§ **SUPPLIED DATA**:
--- START ---
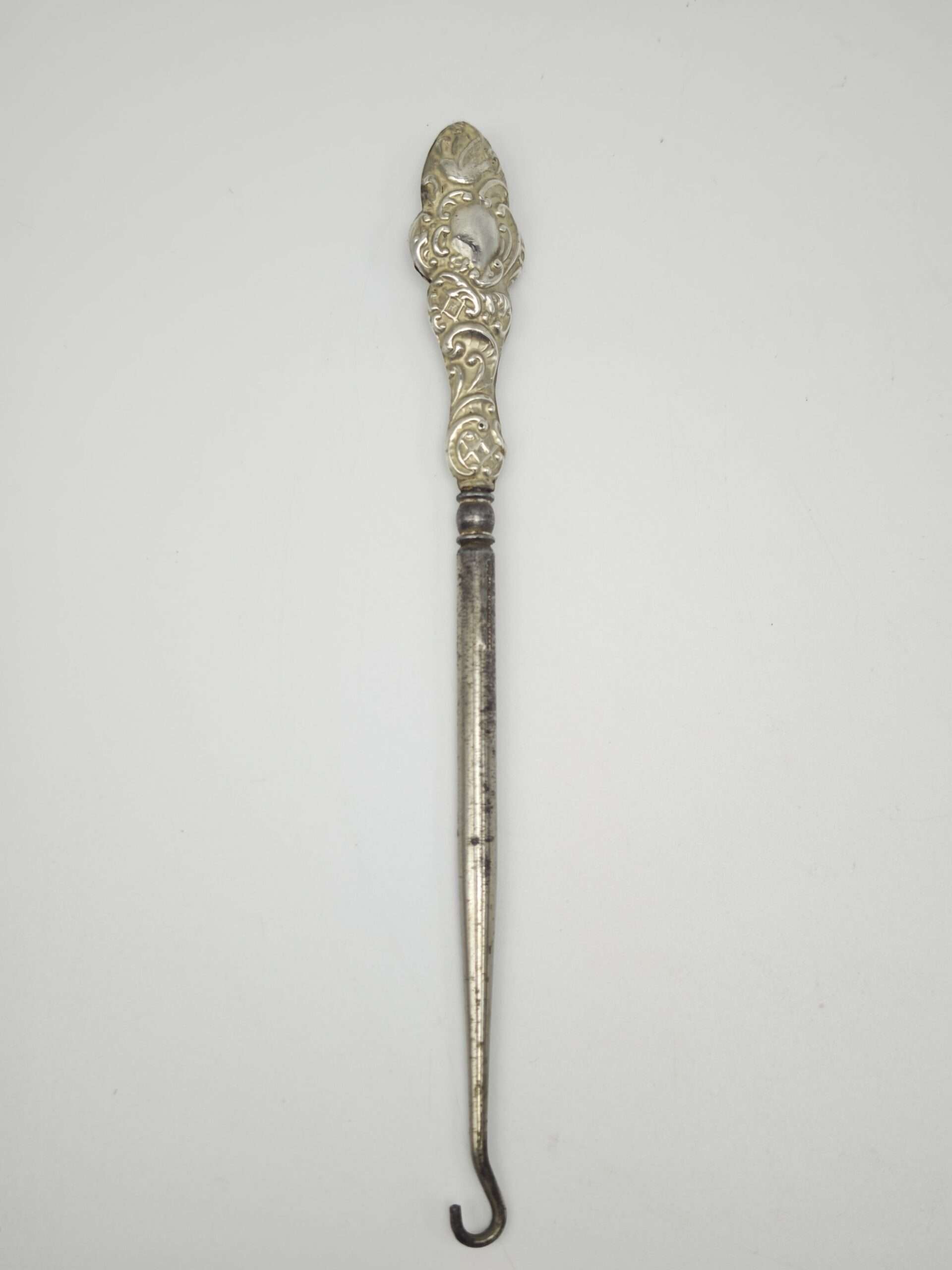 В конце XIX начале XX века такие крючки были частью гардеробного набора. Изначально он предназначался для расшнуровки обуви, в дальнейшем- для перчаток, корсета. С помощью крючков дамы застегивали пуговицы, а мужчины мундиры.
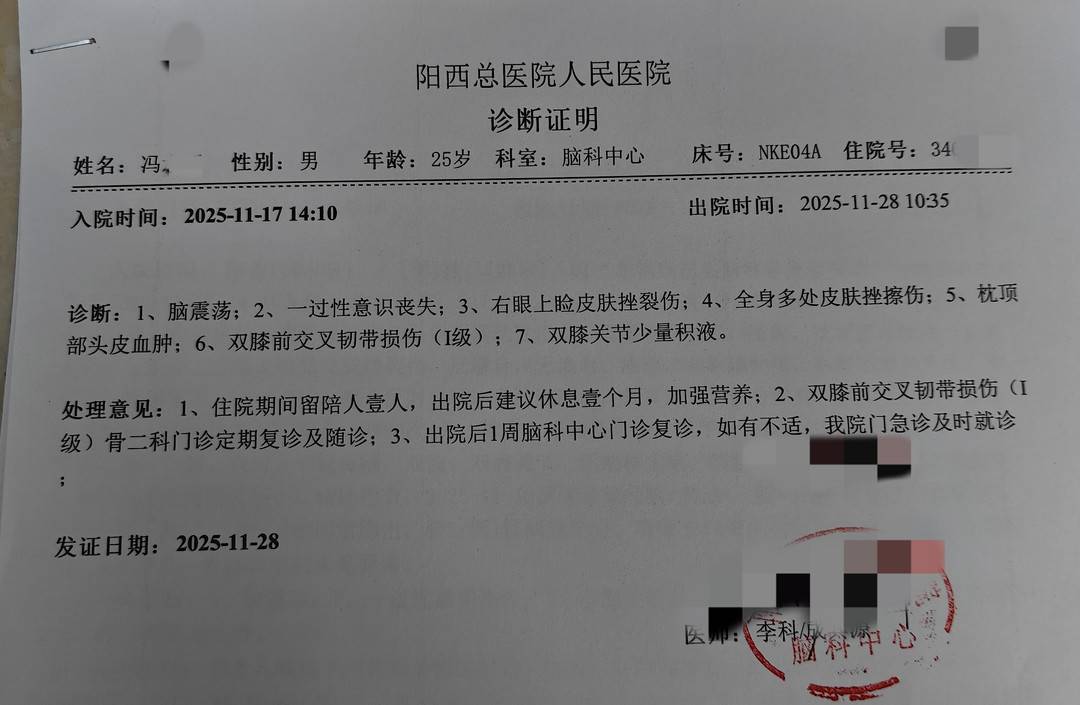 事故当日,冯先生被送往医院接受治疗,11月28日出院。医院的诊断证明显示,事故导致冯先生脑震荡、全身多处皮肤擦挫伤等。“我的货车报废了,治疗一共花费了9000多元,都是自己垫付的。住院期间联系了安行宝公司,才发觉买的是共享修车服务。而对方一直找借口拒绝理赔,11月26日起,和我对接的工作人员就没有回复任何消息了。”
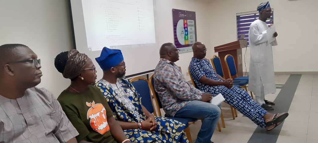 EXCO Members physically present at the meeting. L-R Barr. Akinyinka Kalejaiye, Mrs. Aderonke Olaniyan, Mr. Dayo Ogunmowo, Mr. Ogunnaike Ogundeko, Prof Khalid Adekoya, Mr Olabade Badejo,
--- END ---
§ **YOUR ASSIGNMENT**:
The output should be the lines from the one with "事故当日,冯先生被送往医院接" through the end of the material above, both ends included, printed exactly and nothing else. Drop the pictures.

§ **EXERCISE RESPONSE**:
 事故当日,冯先生被送往医院接受治疗,11月28日出院。医院的诊断证明显示,事故导致冯先生脑震荡、全身多处皮肤擦挫伤等。“我的货车报废了,治疗一共花费了9000多元,都是自己垫付的。住院期间联系了安行宝公司,才发觉买的是共享修车服务。而对方一直找借口拒绝理赔,11月26日起,和我对接的工作人员就没有回复任何消息了。”
 EXCO Members physically present at the meeting. L-R Barr. Akinyinka Kalejaiye, Mrs. Aderonke Olaniyan, Mr. Dayo Ogunmowo, Mr. Ogunnaike Ogundeko, Prof Khalid Adekoya, Mr Olabade Badejo,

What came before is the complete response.